** To do **
A single number is the whole answer: the tally of lines in the data below that include the word "during".

Collection entries
=-=-=-=-=

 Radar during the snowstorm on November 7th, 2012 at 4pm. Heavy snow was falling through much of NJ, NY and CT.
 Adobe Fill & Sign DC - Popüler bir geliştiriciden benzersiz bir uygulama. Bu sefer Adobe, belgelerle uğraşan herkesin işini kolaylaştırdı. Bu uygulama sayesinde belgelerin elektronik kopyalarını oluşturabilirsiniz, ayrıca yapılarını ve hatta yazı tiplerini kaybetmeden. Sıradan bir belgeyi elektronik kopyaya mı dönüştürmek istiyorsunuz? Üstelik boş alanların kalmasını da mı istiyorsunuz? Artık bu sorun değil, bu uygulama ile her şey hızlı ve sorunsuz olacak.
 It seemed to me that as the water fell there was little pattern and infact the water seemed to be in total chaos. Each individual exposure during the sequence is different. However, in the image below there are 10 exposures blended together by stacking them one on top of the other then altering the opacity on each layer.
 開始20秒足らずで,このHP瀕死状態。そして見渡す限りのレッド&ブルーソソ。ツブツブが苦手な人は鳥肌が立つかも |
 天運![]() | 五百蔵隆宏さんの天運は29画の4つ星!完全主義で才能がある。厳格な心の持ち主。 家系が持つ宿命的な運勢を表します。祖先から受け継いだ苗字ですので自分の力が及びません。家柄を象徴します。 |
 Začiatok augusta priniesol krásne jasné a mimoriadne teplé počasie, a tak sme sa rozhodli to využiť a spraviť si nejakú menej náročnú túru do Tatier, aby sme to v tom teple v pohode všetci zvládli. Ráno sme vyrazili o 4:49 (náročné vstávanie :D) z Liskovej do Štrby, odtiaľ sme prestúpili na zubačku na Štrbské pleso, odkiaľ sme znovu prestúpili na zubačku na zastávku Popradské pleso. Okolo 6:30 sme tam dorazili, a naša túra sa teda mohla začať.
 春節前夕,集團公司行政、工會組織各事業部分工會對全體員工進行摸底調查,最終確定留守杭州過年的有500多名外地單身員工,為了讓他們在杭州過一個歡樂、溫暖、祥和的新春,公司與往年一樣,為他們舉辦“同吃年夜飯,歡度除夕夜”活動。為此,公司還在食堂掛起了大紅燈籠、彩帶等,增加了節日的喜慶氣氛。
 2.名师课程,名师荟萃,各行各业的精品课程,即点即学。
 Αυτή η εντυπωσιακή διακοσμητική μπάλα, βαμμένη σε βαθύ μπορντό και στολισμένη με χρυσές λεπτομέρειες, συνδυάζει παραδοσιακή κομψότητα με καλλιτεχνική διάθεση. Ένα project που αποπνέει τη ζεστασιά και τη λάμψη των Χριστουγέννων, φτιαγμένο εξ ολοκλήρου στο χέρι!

=-=-=-=-=

** Response **
2